CompressedGen Resource Usage

SpinalHDL / VexRiscv

A FPGA friendly 32 bit RISC-V CPU implementation

MIT License

2.47k stars 413 forks source link

CompressedGen Resource Usage #239

Closed robindust-ce closed 2 years ago

robindust-ce commented 2 years ago

This is more of a general wondering than an issue but maybe someone can explain. I am testing the influence of "CompressedGen = true" on the resource usage of murax. I got the following results on Cyclone-V (ALM usage of Vex itself):

murax default config + Mul/Div + BarrelShift + bypassing + static branch prediction: 1020 ALMs
same as above with compressedGen = true: 1063 ALMs

I was pleasantly surprised to see that compressed instruction support comes at such low cost.
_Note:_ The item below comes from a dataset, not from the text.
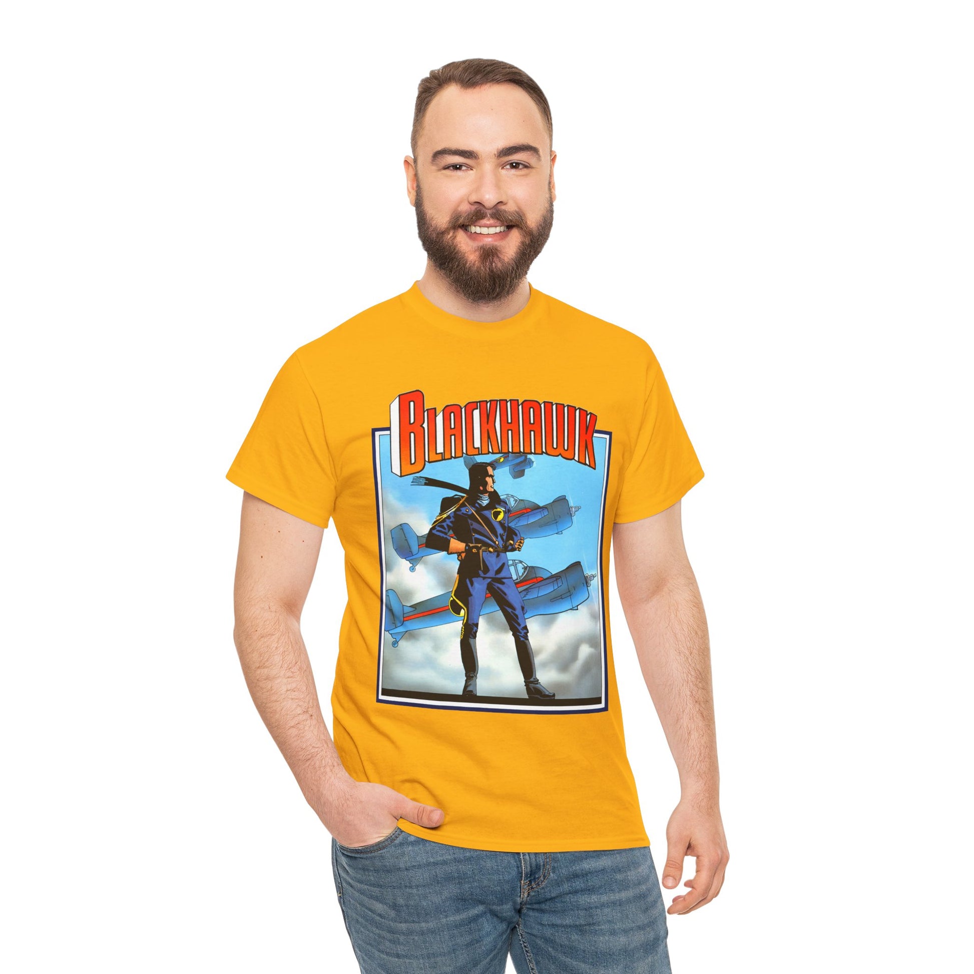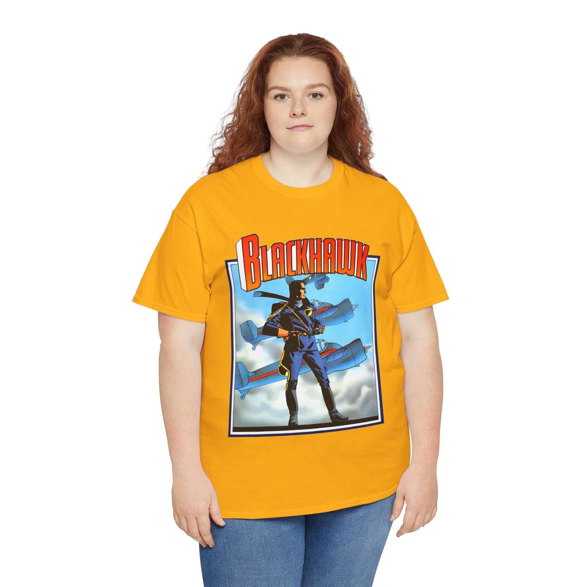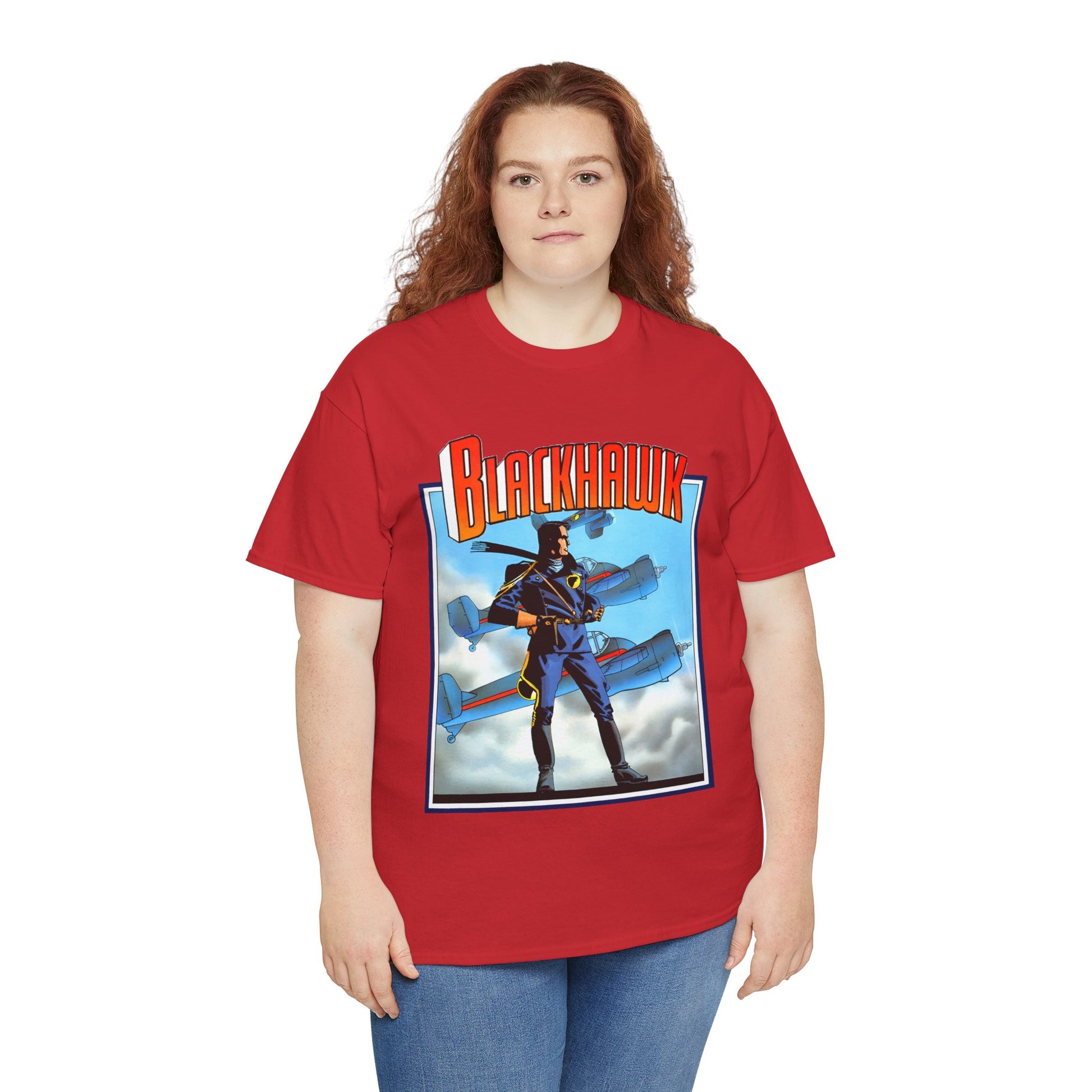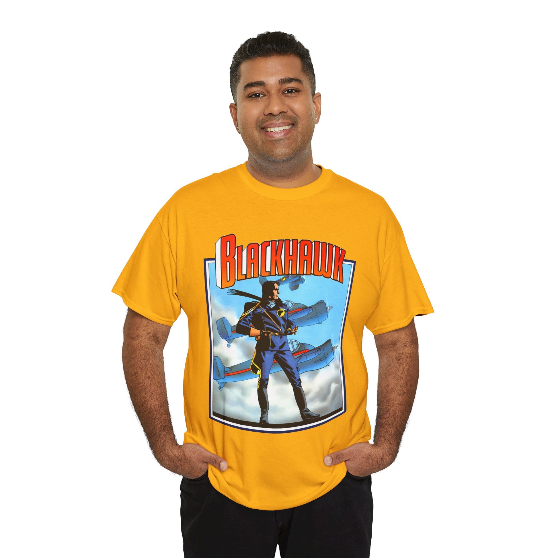 Celebrate legendary courage with the Blackhawk T-Shirt featuring iconic Howard Chaykin artwork. This design honors the fearless World War II anti-Nazi ace pilots from DC Comics, blending history and heroism in a striking graphic tee. Perfect for fans of classic comic art and wartime valor, it brings a powerful story to your everyday style.

The following comparison, however, has a much bigger difference in ALM usage:

murax default config: 465 ALMs
murax default config + compressedGen: 638 ALMs

Can someone explain/verify how/that those results make sense?

Dolu1990 commented 2 years ago

The main impact of CompressedGen = true is in the combinatorial path delay i would say, (which can be mitigated with injectorStage = true, at the cost of 1 cycle more branch penality)

Then, 43 alm in one case, 173 in the other =>

How where the clock constrained in the tests ?

Was the clock relaxed or stressed ?

robindust-ce commented 2 years ago

I'm not sure which information exactly you are looking for as I'm still learning and don't know the terminology. I basically just derive the pll clock at 150 MHz when compressedGen = false and at 100 MHz when compressedGen = true (compiler is set to "performance high effort").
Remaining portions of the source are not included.